I can't wait to hear yours.
I'm aware that this thread may get moved. I'll keep you posted if it does and hope you all will as well.
Lets have some fun with this!


Posted using Outdoor Hub Campfire


----------



## zeppelin_2000 (Jul 2, 2006)

Be it lake, river, stream.

1. Carry your yak, inner tube, aluminum boat, ect down and throw it into the lake in the middle of bank fishermen then ask if your catching anything and where you should fish.( could have used boat launch or clear spot you passed 50 yards back closer to your car that had no one fishing.

2. Beach your $60,000 boat ( that's five times bigger than you need for the lake )right on the shore next to a fisherman just to let off 3 drunken women to use the bathrooms because you didn't get a toilet or didn't want to clean it. then when they get back blast off at full power back 40 feet then anchor and throw five feet from the bank fisherman's line.

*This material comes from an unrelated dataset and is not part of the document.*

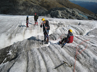 The weather was fine and by midday we were roped up to step off the rock onto the ice. Initially this is a bit hazardous as the ice is undercut and could potentially break off right where you are standing. Soon however we were established on the centre of the glacier snout, a couple of hundred metres above the ice cave at the terminus..
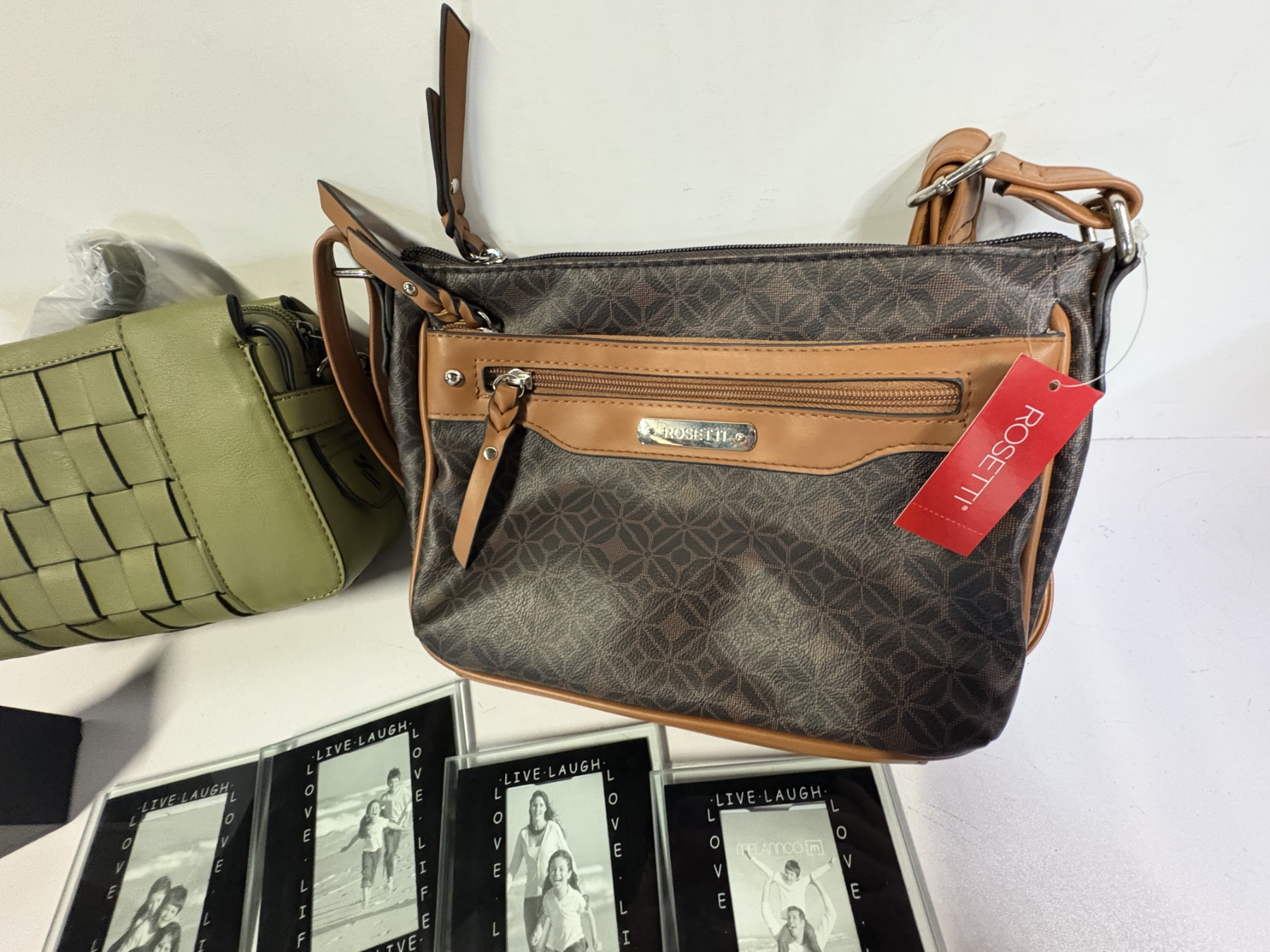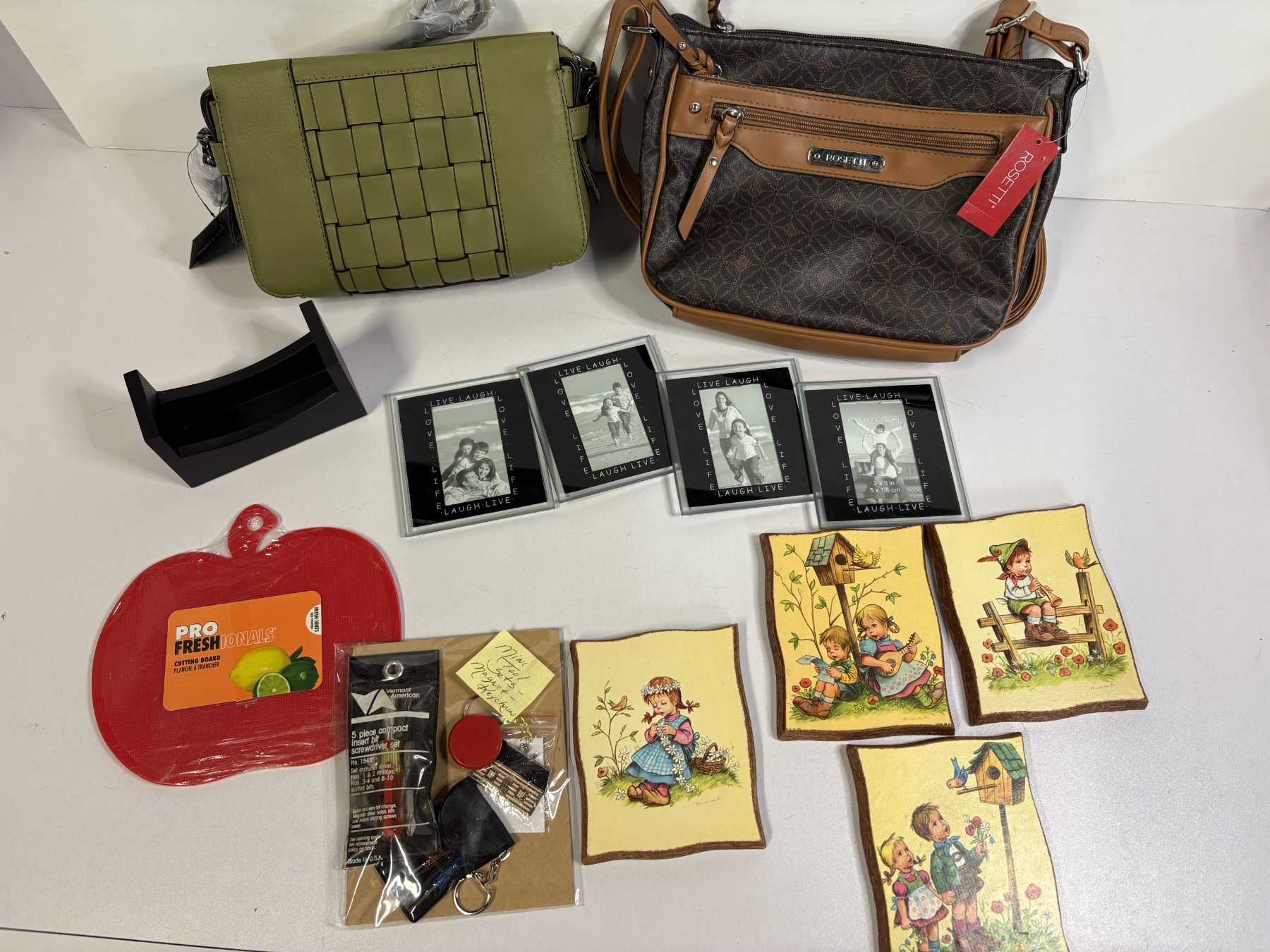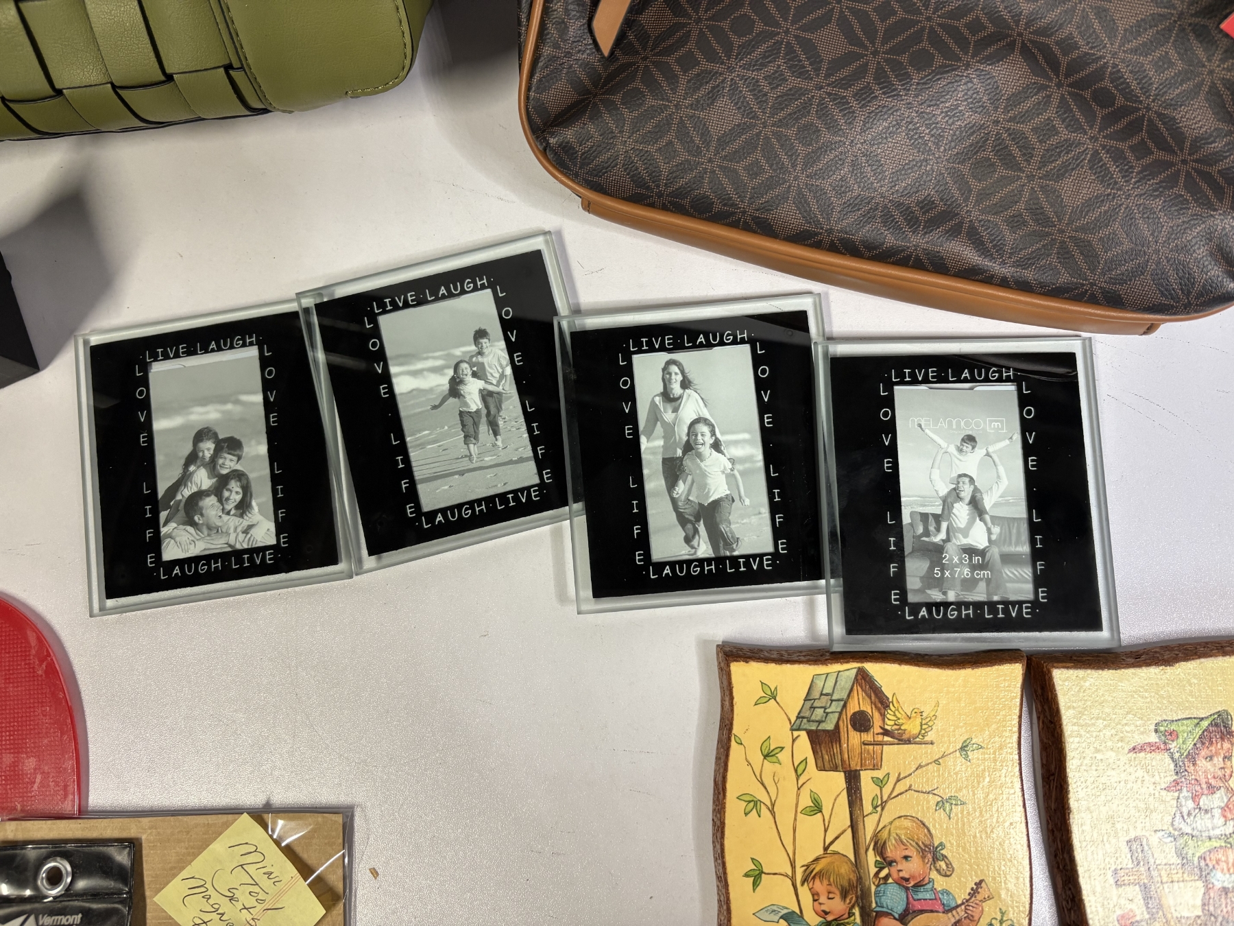 Four Small Frame - 2 Purses (1 Rosetti) - Pictures with Children & Birdhouses - Tool Magnet & Keychain Sets - Apple Shaped Cutting Board

3. Threaten to sue fisherman for hooking your dog in the water when it runs full speed into lake right into your bobber. I love animals also but on a park trail keep them on a leash when not in the dog park.

4. Please I'm not a free babysitter for your kids when you are fishing, don't get me wrong I enjoy kids and do take friends, ect kids out fishing I don't fish just help the kids, but keeping your four 2-3 year olds out of my tackle for safety sake all afternoon ain't fun for me.

5. Bring baseball team to park for meal after game carry picnic table closer to lake for better view is great. I enjoyed watching the kids have fun also but then take off leaving all your fast food trash and picnic table for me to clean up and drag table back( I'm disable with bad back ) not so much fun.

I never said one bad thing to these folks even the owner of the puppy (biggest beagle I ever caught) 
Who offered to give me a new nose.

I enjoyed the time spent outdoors even with your annoyance and ignorance.

Sent from my BN NookHD+ using Ohub Campfire mobile app


----------



## sammerguy (Jun 7, 2011)

Let your untrained dog off its leash on the trail and get mad at me when I threaten to kill it next time it charges me barking fiercely.


----------



## Mr. A (Apr 23, 2012)

I would just like to say (AGAIN) when a guy is fishing a pond, even though it is public, and you have your dog with you, please think before you ENCOURAGE your retriever to chase the frog I'm throwing. Screw you if you got mad at me for going ape s*#t and scaring your dog out of the water but removing a 5/8oz frog from his throat would have been a lot worse for him! And honestly, did you really think that was a good idea. If you "thought" I was throwing a regular lure not a "frog looking thing" why would you think I was in the wrong? Sorry, this thread came at the perfect time for me to rant! Thanks for letting me get that out.

Mr. A


----------



## gibson330usa (May 15, 2012)

- run your canoe into a wading angler as you lose control of your vessel coming through a nice riffle and then yell at the girl in the from of your canoe to do a better job of steering! 
(News flash Einstein, if you are in the back if a canoe, you are the steering wheel!) 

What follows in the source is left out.